Нынешний эпизод с Познером и атеизмом показался мне достаточным поводом, чтобы порассуждать о феномене Познера. На сайте Znak.com.

За что Познера принято не любить — понятно. Человек, сделавший карьеру в советском пропагандном ведомстве и, чуть ли не единственный из всех ветеранов «того» Гостелерадио, сохранивший и упрочивший свои позиции в пропаганде постсоветской, но остающийся при этом не записным негодяем, над которым можно только смеяться или негодовать по его поводу, а удерживающийся в рамках «приличного человека». Да, со всеми поправками на специфику места работы и присущие ему ограничения, но тем не менее никто не станет спорить, что Познер всегда был и остается самым последовательным и убежденным либералом-западником, совмещающим свое западничество со службой системе, цели и ценности которой в любом случае никогда не совпадут с его собственными ценностями. 

Это несоответствие между ним и системой — преимущество и проклятие, причем проклятие в большей степени, потому что к очевидным упрекам в лицемерии и приспособленчестве всегда будет добавляться еще один, может быть, самый весомый: ему разрешают не соответствовать, то есть все, что отличает его от обычного околокремлевского медиаветерана, и атеизм, и марихуана, и «Госдура», — все это снабжено выданным еще в позапрошлой жизни мандатом ЦК. И если кто-нибудь, да тот же Киселев, вдруг захочет встать рядом и сказать: «Да, господа, я тоже выращивал на даче чахлые штучки, а потом курил их, и в Бога я не верю, и Америку люблю сильнее, чем Россию», — то его остановят еще до того, как он откроет рот, а Познера не останавливают, а напротив, радуются тому, какой он непохожий на всех — настоящий американец или француз, но при этом наш, советский.
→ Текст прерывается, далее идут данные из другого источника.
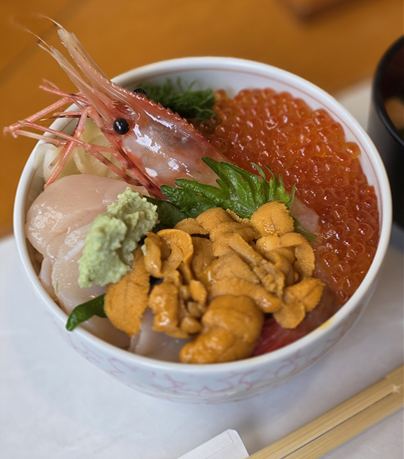 먼저 나온 카이센동을 보고 깜짝 놀랐습니다. 밥 위에 신선한 해산물이 빼곡하게 올라가 있더라고요. 우니, 연어알(이쿠라), 보탄새우, 관자(가리비), 광어, 연어가 한 그릇에 들어 있었어요. 여기서 이쿠라(いくら)란 연어알을 소금이나 간장에 절인 것을 말하는데, 일본에서는 초밥이나 덮밥의 필수 토핑으로 여겨집니다. 저는 젓가락으로 우니부터 떠먹었는데, "지금까지 제가 먹던 우니는 뭐였지?" 싶을 정도로 비린 맛이 전혀 없었어요. 크리미하면서도 바다향이 진하게 올라오는 게, 마치 해산물의 해상도가 480p에서 1080p로 업그레이드된 느낌이었습니다.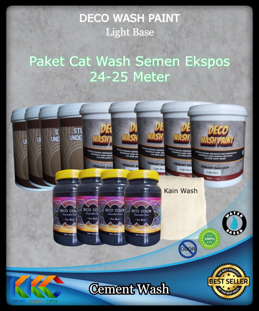 Paket Deco Wash Semen Ekspos Light Base 25 Meter adalah bahan-bahan cat dekoratif semen ekspos yang dijadikan 1 paket untuk kebutuhan dengan luas bidang 25 Meter Persegi.

Начальство радуется, а люди с другим представлением о границах допустимого компромисса за это Познера и не любят.

Когда у Алексея Навального случилась вся эта история с глазом и загранпаспортом, сразу в нескольких СМИ — понятно каких — и в блогах — тоже понятно, каких — вышли одинаковые тексты о том, что Навальный не так прост, как кажется, и, скорее всего, работает на Кремль. Все это выглядело как классическая заказная кампания, когда сразу многие авторы вдруг начинают одинаково мыслить и излагать свои одинаковые мысли одинаковыми словами. Некоторые авторы этих текстов молчали или неловко оправдывались, некоторые говорили, что это просто совпадение, а сами они просто действительно не любят Навального и пишут о нем от души. Разумеется, нет такой формулы, которая исчерпывающе объясняла бы этот феномен — нет, не каждый текст против Навального заказной, просто некоторые люди действительно пишут тексты под диктовку, и каждый случай заслуживает внимания. Несколько лет назад знакомые из одной газеты передали мне темник или как правильно назвать инструкцию о том, как правильно расставлять акценты в статьях. Я опубликовал эту инструкцию у себя в соцсетях, ко мне пришли ругаться редакторы тех газет, которые были упомянуты в этой инструкции, и было очень смешно наблюдать, как они замолкали по мере появления в их газетах текстов, написанных по той кальке, которую я показал. Единственная газета, которую я обвинил ошибочно — это были габреляновские «Известия», для них как раз тогда создавались особые правила, я об этом еще не знал, и, в общем, с тех пор мы не общаемся с тогдашним главредом «Известий» Александром Малютиным — хочу сейчас перед ним извиниться за тот старинный эпизод. В этом была моя ошибка — универсальных формул в медиа не существует, и когда у нас говорят о заказной журналистике, всегда имеют в виду одну из крайностей — одни говорят, что у нас заказуху пишут все, другие — что ее не пишет никто. И то, и другое — неправда, и плохо, что споров об этом меньше, чем стоило бы. Но вообще непонятно, как об этом спорить, если каждый спор заканчивается тем, что все начинают обвинять друг друга. Собственно, когда обсуждали тексты о Навальном, в спор вмешался знаменитый Альфред Кох, который написал, что я сам ругаю Навального по заказу Кремля. Ну ок.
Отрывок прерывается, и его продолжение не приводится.